Data:
---
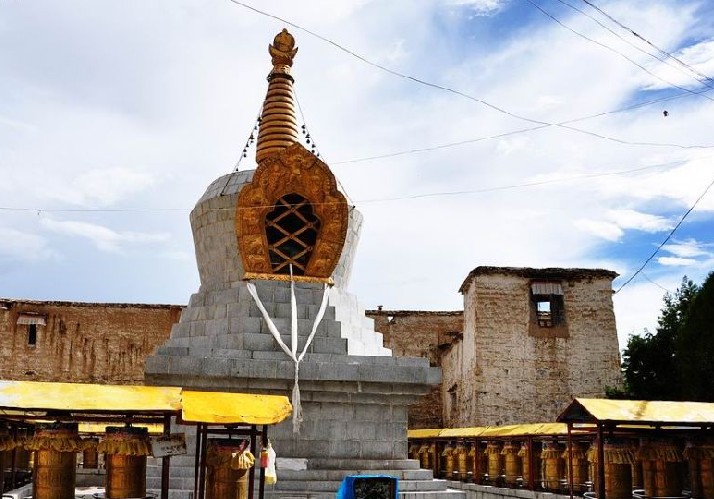 阿巴扎倉(cāng)二樓為僧房和無量光佛殿(溫巴埋拉康),殿中供有無量光佛合金像、貢若堅(jiān)村桑布包銀靈塔、杰尊曲結(jié)堅(jiān)村包銀靈塔,還有一座拉藏汗(?~1717年。清代蒙古和碩特部貴族首領(lǐng))出資修建的善逝塔。三樓主要作為達(dá)賴的臥室。
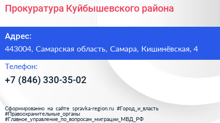 Прокуратура Куйбышевского района по адресу 443004, Самарская область, Самара, Кишинёвская, 4 в дальнейшем Организация, размещена в следующих категориях:
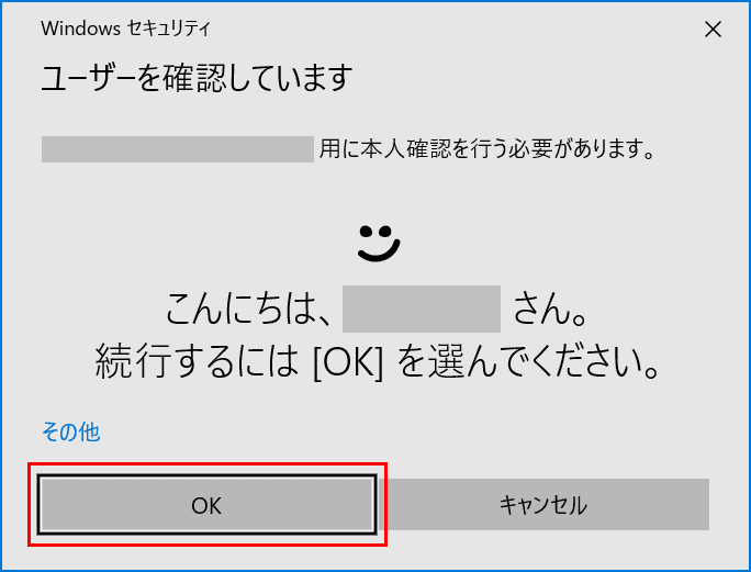 「Windows Hello」で本人確認ができたら【OK】ボタンを押します。
---
Problem requirements: Transcribe the lines that run from the line bearing "Прокуратура Куйбышевского района" through the last line of the data. Keep the wording exact and leave out every picture.

Solved exercise:
 Прокуратура Куйбышевского района по адресу 443004, Самарская область, Самара, Кишинёвская, 4 в дальнейшем Организация, размещена в следующих категориях:
 「Windows Hello」で本人確認ができたら【OK】ボタンを押します。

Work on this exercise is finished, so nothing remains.